### Assigned task
Go through the following data and transcribe exactly the stretch of lines from the one holding "2016年我國(guó)初級" to the one holding "时尚夸张大耳环2024新款潮耳坠长款黑白耳饰欧美个性时尚网红气质", both included.

### Record set
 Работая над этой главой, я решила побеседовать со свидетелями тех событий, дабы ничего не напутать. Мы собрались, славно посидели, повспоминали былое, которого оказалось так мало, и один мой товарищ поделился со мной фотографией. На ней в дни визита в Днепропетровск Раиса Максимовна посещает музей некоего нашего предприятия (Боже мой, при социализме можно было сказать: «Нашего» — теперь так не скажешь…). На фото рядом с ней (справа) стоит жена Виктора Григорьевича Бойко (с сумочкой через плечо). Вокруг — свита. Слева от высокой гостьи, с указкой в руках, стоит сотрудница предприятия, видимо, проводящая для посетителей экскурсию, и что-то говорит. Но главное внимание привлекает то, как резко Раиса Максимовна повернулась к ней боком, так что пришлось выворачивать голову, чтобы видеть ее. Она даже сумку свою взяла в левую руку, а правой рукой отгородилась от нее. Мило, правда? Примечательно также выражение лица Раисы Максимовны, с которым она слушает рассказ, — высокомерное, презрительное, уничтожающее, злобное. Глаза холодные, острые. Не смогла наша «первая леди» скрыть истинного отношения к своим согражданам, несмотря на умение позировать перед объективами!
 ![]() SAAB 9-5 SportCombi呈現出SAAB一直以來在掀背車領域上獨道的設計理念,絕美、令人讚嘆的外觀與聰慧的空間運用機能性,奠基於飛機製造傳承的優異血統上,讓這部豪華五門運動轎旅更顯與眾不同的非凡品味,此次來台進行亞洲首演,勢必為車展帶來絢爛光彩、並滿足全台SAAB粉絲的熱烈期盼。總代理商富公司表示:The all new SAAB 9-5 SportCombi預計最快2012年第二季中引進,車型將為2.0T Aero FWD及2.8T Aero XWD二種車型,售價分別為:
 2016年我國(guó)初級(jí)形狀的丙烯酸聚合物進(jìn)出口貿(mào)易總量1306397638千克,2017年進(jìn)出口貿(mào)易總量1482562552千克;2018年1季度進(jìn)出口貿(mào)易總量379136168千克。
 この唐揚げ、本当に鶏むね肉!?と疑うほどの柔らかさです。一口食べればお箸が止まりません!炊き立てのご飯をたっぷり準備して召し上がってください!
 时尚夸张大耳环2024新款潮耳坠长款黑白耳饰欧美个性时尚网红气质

...

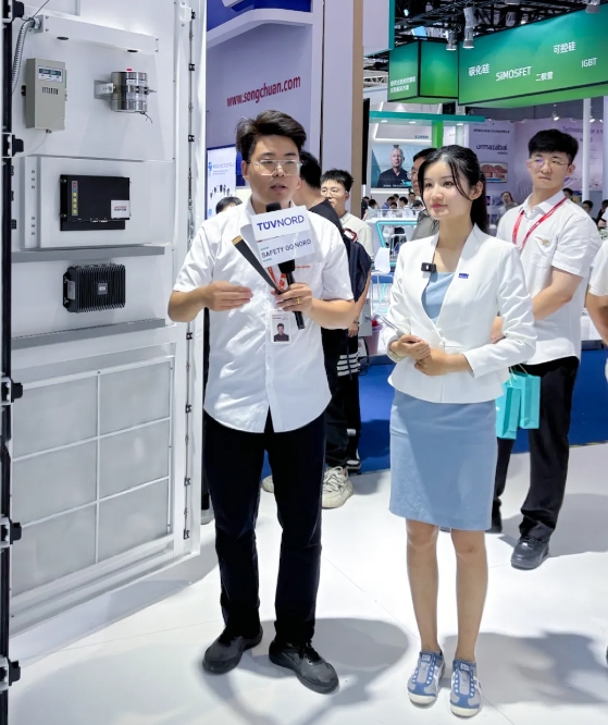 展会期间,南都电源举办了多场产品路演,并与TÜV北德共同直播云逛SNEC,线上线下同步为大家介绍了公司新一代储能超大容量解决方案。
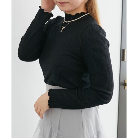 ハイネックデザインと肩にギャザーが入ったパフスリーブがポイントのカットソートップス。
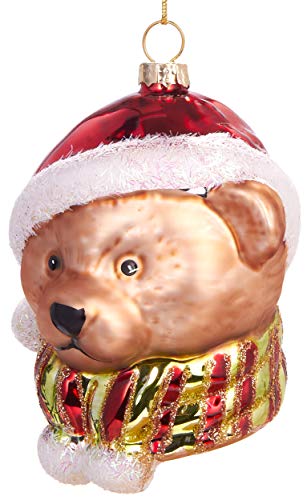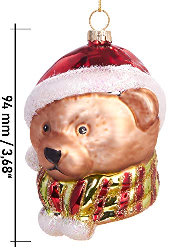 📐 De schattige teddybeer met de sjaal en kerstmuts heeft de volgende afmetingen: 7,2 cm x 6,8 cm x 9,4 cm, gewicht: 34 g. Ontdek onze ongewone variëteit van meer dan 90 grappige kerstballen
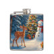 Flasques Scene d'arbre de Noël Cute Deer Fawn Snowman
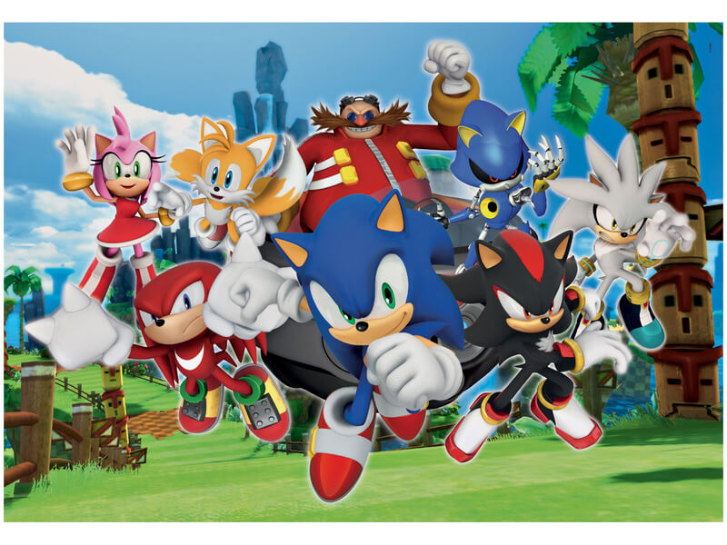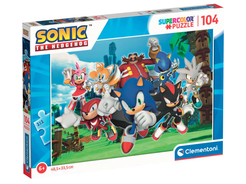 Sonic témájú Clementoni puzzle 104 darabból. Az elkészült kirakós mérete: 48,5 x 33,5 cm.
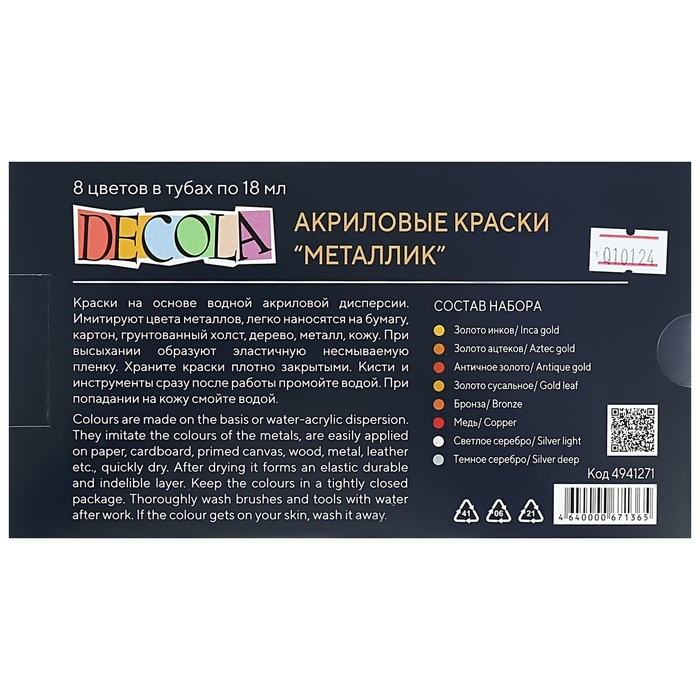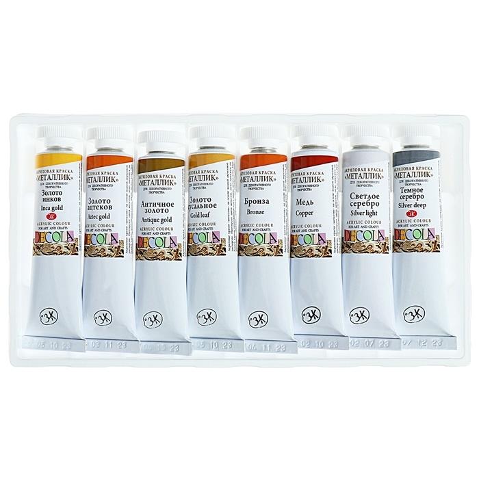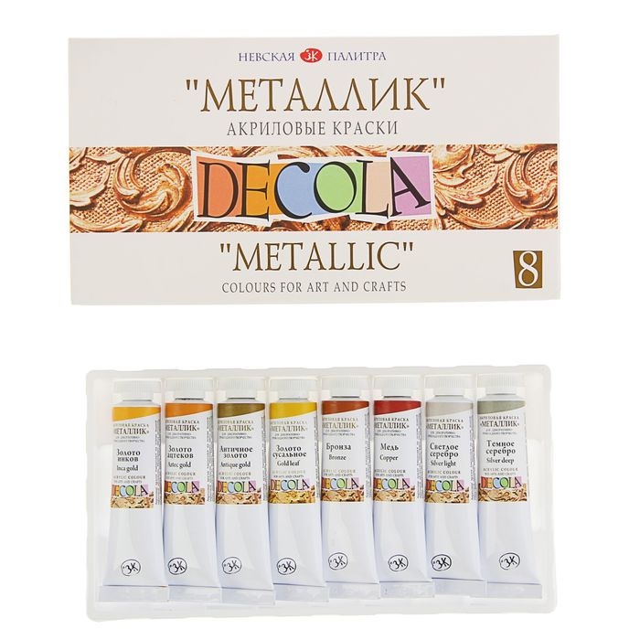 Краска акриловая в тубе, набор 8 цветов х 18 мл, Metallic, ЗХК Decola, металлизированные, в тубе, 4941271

* * *

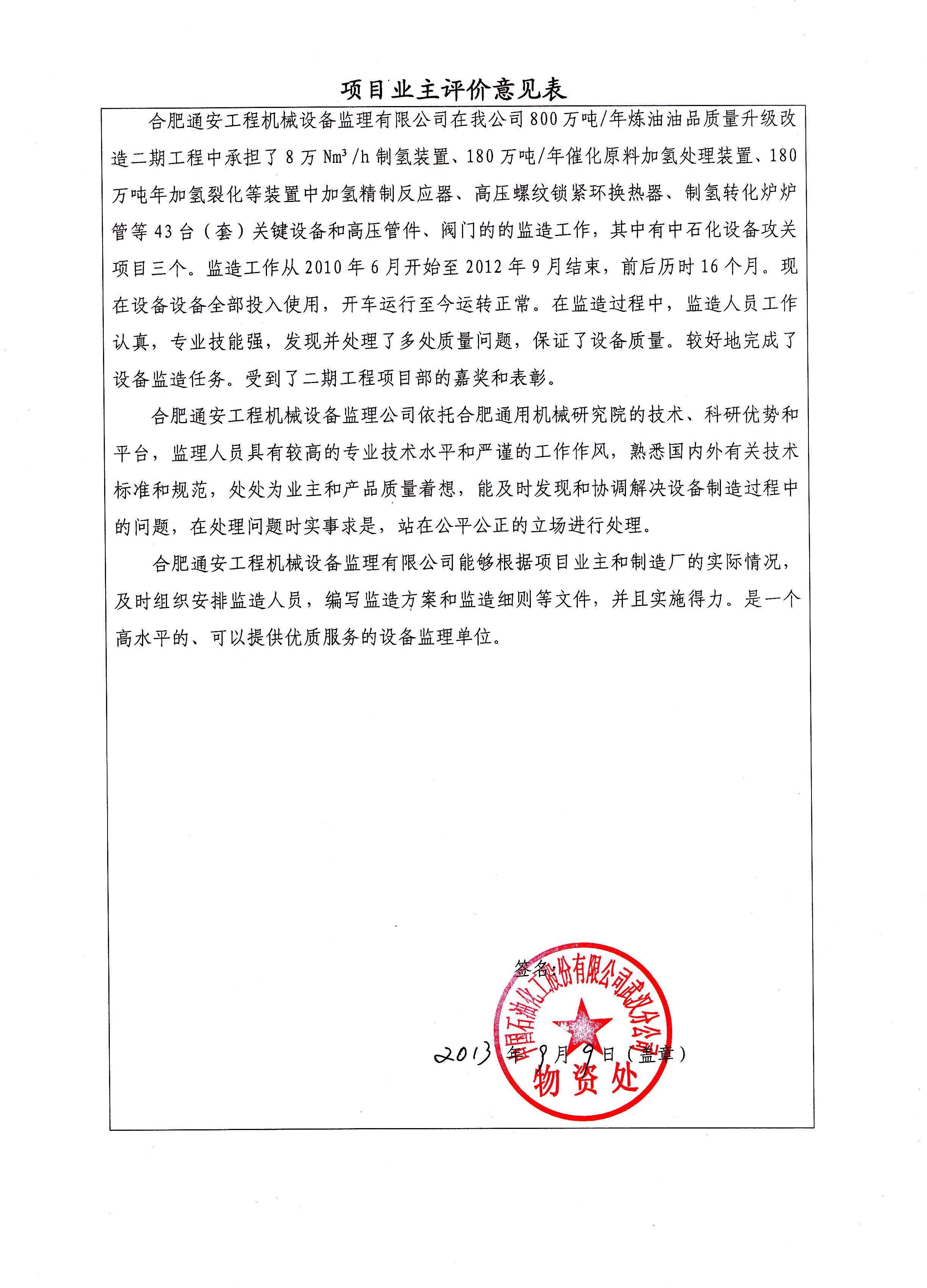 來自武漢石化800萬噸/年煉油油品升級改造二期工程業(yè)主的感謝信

### Answer box
 2016年我國(guó)初級(jí)形狀的丙烯酸聚合物進(jìn)出口貿(mào)易總量1306397638千克,2017年進(jìn)出口貿(mào)易總量1482562552千克;2018年1季度進(jìn)出口貿(mào)易總量379136168千克。
 この唐揚げ、本当に鶏むね肉!?と疑うほどの柔らかさです。一口食べればお箸が止まりません!炊き立てのご飯をたっぷり準備して召し上がってください!
 时尚夸张大耳环2024新款潮耳坠长款黑白耳饰欧美个性时尚网红气质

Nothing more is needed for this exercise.